Gerçek yatırım, şirketleri devirmekle ilgili değildir; kurumları kurmakla ilgili. Masanın aynı tarafında oturan, vizyon, risk ve sorumluluğu paylaşan kurucular ve fonlarla ilgili. Uyum oportünizmin yerini aldığında, her işlem bir ulus kurma eylemi haline gelir.
Bu uzun vadeli yaklaşım, doğal olarak BAE’nin kendi ekonomi felsefesi içinde yer almaktadır. Ülkenin liderliği, kısa vadeli finansal ölçümlerin ötesine uzanan sürdürülebilir bir büyüme inşa etme taahhüdünü sürekli olarak göstermiştir.
Hükümet ve yatırımcılar: Geleceğin ortak mimarları
BAE’nin liderliği, kamu vizyonunun özel güveni harekete geçirebileceğini zaten kanıtladı. Ama şimdi, hükümet himayesinden gerçek ortaklığa geçmeliyiz.
Kamu-özel sektör ortaklıkları artık istisna veya politika deneyi olarak görülmemeli, kalkınmanın bel kemiği haline gelmelidir. Hükümetler çerçeveleri oluşturabilir, ancak yatırımcılar yürütme gücünü sağlamalıdır: finansman, yönetişim, yenilik ve yetenek.
Burada faaliyet gösteren her fon, kendisini devletin stratejik bir müttefiki olarak görmeli, sürdürülebilir ticari getiriler sağlarken ulusal öncelikleri hızlandırmalıdır. Bu hayırseverlik değil, aydınlanmış kapitalizmdir.
Hükümetler, yönetmelikte öngörülebilirliği, şeffaflığı ve verimliliği sağlamaya devam ederek üzerlerine düşeni yapabilirler. Net çerçeveler, tutarlı politika ve diyalog için açık kanallar, yatırımcılara uzun vadeli sermaye dağıtma konusunda güven verir.
Bu arada özel sektör, yürütmeyi hızlandırabileceğini, küresel en iyi uygulamaları sunabileceğini ve kamu hedeflerini tamamlayacak şekilde yenilik yapabileceğini göstermelidir.
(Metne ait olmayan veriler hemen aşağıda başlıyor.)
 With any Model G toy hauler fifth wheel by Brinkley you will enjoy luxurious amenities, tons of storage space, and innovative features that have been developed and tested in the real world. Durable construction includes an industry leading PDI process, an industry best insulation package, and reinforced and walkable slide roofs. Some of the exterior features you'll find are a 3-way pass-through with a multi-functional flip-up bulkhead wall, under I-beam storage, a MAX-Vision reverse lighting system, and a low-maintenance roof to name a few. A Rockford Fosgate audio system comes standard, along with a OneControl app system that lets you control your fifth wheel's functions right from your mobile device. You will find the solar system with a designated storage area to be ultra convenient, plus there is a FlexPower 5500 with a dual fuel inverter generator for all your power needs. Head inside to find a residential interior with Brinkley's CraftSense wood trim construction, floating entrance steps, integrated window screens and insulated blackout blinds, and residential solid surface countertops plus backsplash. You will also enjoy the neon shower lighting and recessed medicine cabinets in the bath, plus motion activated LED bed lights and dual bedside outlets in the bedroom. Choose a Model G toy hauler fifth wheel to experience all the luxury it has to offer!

Örneğin Mubadala ve ADQ, uzun vadeli ulusal önceliklerin yönlendirdiği uyumlu sermayenin endüstrileri yarı iletkenlerden yenilenebilir enerjilere nasıl dönüştürebileceğini göstermiştir. Özel sermaye topluluğu, bu şampiyonların yanında hırs ve infaz arasında köprü kurarak hayati bir role sahiptir.
Bir sonraki sınır: İnsan sermayesi
Körfez’in bir sonraki rekabet avantajı, finansal rezervlerinden veya altyapısından gelmeyecek. İnsanlardan, küresel düşünmeye cesaret eden ancak yerel olarak inşa etmeye cesaret eden yeni nesil bilim adamlarından, girişimcilerden ve yatırımcılardan gelecek.
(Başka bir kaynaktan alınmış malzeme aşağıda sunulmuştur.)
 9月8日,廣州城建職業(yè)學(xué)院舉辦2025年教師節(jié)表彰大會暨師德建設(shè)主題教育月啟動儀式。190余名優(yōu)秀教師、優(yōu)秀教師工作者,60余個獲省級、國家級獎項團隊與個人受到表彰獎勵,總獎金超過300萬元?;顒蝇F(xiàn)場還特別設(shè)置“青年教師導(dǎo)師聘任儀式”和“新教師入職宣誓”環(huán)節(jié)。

Özel sermaye sadece şirketlere değil, yeteneklere de yatırım yapmalıdır. Bu, genç nesle rehberlik etmek, becerileri geliştirmek ve hırsın amaç ile buluştuğu ortamlar yaratmak anlamına gelir. En büyük yatırım getirisi her zaman parasal değildir; Liderlik etme yetkisine sahip bir neslin güvenidir.
Yeni bir Körfez kapitalizmi
Bir “aracı işletme” olarak özel sermaye dönemi sona erdi ve dünyanın Wall Street’in başka bir kopyasına ihtiyacı yok. Bu bölgenin değerlerinden doğan bir modele ihtiyacı var; vizyon ve erdemi, mirası ve yeniliği, zenginliği ve sorumluluğu harmanlayan bir kapitalizm.
Bu bir sonraki bölüm: kalan, inşa eden ve inanan sermaye. Başarıyı sadece çıkışlarla değil, dayanıklılıkla ölçen özel sermaye. Hükümet ve pazarlar, Doğu ve Batı, gelenek ve teknoloji arasında köprü kuran ortaklıklar.
Körfez her zaman spekülatörlerin değil, inşaatçıların yeri olmuştur. Bugün soru artık ne kadar çabuk çıkacağımız değil, ne kadar derin inşa ettiğimiz.